Assigned task:
Determine how many lines in the entries contain the word "professional", and give that number with no other text.

[Records from a dataset]
┌──
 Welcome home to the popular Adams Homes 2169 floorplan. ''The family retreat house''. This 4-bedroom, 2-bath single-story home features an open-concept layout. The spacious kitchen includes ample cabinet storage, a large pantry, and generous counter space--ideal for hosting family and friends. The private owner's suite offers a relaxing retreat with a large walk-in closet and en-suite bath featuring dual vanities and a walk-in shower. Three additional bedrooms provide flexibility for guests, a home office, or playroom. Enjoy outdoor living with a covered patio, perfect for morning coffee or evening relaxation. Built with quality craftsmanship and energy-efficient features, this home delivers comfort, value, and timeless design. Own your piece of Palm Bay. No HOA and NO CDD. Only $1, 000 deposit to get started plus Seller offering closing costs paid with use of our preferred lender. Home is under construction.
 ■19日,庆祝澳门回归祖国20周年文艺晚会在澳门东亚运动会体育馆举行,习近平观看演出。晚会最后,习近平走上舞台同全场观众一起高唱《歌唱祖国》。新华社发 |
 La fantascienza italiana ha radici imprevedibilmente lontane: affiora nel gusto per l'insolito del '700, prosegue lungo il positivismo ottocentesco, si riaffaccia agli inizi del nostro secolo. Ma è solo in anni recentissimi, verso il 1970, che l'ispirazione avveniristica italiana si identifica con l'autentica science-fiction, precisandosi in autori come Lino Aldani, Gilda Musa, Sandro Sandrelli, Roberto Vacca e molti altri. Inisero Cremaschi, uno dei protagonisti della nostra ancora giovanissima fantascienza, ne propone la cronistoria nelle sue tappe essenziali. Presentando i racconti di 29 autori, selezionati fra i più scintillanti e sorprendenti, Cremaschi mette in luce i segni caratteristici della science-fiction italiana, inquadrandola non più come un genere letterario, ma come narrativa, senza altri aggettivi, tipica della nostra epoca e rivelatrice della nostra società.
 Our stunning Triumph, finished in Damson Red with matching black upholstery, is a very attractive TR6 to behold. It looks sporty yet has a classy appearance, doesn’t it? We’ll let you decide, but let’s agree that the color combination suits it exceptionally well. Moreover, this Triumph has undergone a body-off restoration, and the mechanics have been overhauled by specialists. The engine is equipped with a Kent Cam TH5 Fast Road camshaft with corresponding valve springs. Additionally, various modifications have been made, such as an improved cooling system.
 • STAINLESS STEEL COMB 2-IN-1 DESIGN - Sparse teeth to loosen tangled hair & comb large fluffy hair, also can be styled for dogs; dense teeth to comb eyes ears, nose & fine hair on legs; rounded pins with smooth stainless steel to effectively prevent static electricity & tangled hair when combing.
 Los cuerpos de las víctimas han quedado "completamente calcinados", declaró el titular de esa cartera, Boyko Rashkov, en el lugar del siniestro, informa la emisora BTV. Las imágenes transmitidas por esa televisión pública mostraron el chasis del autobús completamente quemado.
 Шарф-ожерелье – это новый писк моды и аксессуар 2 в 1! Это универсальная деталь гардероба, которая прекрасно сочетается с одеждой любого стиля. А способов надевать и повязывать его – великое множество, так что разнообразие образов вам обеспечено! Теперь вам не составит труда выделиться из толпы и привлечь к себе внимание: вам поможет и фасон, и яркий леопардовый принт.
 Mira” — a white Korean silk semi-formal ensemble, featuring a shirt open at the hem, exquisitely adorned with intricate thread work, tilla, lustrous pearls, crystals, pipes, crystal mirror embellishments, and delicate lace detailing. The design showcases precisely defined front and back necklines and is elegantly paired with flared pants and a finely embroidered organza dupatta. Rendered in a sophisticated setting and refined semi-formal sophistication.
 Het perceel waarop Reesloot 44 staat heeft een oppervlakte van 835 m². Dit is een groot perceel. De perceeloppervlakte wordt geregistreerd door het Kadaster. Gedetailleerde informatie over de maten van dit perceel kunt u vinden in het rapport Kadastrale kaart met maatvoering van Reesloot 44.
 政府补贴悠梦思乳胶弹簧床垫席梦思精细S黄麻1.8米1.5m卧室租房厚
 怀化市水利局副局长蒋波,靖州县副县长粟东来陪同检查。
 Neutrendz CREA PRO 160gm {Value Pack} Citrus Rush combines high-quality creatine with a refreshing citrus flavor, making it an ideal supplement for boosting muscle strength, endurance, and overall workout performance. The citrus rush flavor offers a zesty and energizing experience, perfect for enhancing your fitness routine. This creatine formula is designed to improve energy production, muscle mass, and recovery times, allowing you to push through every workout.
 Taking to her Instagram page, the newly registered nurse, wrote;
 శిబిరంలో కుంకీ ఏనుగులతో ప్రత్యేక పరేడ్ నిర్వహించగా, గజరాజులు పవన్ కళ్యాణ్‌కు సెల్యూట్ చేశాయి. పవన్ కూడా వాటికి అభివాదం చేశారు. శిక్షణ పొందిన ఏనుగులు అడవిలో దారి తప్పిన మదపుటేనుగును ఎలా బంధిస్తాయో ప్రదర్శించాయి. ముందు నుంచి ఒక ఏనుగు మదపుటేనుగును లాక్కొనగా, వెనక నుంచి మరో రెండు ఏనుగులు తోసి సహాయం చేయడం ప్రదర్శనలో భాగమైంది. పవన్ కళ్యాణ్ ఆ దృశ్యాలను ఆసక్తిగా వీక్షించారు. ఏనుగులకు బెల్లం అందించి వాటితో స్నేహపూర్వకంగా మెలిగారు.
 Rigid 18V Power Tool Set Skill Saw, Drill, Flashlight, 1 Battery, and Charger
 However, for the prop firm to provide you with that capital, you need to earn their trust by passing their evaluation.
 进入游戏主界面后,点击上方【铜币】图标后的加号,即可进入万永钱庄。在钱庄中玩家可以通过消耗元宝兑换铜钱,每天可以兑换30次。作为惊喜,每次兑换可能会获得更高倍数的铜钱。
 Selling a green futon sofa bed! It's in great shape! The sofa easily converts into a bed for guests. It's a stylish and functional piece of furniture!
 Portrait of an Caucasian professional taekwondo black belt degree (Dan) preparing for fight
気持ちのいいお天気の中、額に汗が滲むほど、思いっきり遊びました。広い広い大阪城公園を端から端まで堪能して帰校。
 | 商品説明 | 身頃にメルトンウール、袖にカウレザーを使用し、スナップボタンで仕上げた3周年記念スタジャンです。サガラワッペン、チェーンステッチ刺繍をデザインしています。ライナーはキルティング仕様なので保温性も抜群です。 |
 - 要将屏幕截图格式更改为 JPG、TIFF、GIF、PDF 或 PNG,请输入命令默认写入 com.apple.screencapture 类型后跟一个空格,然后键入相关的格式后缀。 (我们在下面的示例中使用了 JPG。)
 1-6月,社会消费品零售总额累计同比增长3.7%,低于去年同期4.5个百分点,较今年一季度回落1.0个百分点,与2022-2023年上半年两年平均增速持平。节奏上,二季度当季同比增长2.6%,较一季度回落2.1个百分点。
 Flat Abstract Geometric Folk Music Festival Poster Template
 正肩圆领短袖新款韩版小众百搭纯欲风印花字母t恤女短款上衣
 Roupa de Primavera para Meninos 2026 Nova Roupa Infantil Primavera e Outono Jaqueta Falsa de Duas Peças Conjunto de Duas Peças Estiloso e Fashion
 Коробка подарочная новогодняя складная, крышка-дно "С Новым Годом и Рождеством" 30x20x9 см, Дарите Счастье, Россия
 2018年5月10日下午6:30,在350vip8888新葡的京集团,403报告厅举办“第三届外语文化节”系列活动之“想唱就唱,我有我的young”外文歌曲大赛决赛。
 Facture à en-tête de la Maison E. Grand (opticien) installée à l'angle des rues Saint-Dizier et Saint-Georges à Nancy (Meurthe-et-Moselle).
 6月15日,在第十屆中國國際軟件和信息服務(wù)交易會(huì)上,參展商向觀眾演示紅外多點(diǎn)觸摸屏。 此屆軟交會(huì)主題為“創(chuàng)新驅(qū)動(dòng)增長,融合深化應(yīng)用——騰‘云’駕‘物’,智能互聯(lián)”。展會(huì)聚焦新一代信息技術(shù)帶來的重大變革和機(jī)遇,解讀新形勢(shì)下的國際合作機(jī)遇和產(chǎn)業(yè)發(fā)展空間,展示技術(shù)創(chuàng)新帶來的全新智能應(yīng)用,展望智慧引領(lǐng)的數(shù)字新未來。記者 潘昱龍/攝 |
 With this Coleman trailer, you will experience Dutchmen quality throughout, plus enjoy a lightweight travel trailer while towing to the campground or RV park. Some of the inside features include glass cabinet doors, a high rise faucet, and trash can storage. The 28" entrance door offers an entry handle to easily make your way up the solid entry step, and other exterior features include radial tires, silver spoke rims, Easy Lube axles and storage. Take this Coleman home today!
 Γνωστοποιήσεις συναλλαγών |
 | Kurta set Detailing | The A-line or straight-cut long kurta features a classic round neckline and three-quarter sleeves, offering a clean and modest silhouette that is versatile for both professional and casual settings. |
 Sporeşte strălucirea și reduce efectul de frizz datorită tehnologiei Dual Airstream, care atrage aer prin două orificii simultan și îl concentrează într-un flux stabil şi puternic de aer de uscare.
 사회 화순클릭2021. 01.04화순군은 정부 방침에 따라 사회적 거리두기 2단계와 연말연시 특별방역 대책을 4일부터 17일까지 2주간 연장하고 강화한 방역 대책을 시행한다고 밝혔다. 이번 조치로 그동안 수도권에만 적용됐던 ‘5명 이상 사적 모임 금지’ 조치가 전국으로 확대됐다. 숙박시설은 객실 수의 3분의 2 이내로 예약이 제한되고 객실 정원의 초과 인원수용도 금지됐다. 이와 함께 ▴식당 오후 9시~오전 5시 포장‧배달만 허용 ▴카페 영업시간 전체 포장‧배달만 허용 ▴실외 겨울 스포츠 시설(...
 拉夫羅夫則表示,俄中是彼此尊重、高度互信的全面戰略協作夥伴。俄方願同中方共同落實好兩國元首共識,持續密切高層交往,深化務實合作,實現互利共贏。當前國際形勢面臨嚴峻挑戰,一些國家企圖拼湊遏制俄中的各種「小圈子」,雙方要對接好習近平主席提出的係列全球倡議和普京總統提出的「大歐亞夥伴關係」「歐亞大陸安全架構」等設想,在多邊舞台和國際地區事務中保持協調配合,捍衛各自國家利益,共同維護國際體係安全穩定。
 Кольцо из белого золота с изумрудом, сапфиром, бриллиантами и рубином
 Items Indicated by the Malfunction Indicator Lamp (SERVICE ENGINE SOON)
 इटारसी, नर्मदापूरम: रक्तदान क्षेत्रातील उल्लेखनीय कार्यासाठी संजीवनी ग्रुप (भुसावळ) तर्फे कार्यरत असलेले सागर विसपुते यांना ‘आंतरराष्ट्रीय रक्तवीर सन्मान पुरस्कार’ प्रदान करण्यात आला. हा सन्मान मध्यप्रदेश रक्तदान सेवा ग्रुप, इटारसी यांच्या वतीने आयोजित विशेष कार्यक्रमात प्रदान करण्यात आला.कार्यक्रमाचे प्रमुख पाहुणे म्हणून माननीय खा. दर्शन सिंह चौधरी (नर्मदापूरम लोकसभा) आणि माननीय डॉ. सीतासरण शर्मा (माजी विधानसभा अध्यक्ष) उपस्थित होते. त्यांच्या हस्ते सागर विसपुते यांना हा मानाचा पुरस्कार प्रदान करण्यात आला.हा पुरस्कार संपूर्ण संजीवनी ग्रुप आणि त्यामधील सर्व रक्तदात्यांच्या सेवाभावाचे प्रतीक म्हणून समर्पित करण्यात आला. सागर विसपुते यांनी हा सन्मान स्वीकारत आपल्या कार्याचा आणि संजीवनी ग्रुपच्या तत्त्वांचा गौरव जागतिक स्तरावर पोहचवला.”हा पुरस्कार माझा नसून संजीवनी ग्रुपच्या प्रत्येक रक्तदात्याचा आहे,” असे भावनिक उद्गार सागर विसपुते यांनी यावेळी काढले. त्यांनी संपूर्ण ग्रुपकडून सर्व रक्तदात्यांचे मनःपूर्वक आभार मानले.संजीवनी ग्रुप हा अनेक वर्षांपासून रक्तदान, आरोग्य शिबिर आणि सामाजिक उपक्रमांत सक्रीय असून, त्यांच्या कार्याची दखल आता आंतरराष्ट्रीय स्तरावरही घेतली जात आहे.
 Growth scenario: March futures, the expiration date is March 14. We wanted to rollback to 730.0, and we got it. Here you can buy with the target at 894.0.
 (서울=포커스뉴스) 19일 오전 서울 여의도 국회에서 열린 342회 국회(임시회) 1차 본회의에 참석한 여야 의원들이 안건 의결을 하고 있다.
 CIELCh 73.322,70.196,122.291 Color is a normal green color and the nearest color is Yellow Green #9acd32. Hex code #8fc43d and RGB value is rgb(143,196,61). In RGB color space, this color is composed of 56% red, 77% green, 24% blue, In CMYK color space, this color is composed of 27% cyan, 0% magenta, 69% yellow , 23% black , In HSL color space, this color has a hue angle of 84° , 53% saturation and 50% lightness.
└──
Solution to the exercise:
2